The driving piece is a driving ring which is rotationally connected in the annular groove, and the driving ring is connected with the abutting end of the claw and used for driving the claw to move.

Through adopting above-mentioned technical scheme, under the effect of no external force, the joint end of jack catch will the joint on the power body, forms fixedly, and when the drive ring rotates in the annular, will act on the conflict end to make the jack catch rotate, the jack catch will break away from the power body this moment, and when the drive ring does not have effort to the conflict end, the jack catch will automatic re-setting makes the joint end enter into the installation storehouse again in.

Preferably, the inner wall of the driving ring is provided with an abutting block which is abutted against the abutting end, and the rotation deflection angle of the abutting block is not more than 10 degrees.

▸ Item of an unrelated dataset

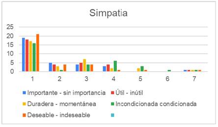 En las figuras 23 y 24, se presentan los resultados sobre la percepción de los estudiantes de ambas licenciaturas cuando se les preguntó sobre el valor de la simpatía.

Through adopting above-mentioned technical scheme, when the actuating ring is rotating, thereby the conflict piece will conflict and drive the jack catch and rotate on the conflict end, and the angle of deflecting at every turn is less can be when the operation, just can operate through less range of motion, and is comparatively convenient.

Preferably, the shell is slidingly connected with a sliding plate along the length direction, and the sliding plate drives the driving ring to rotate through the linkage assembly when sliding.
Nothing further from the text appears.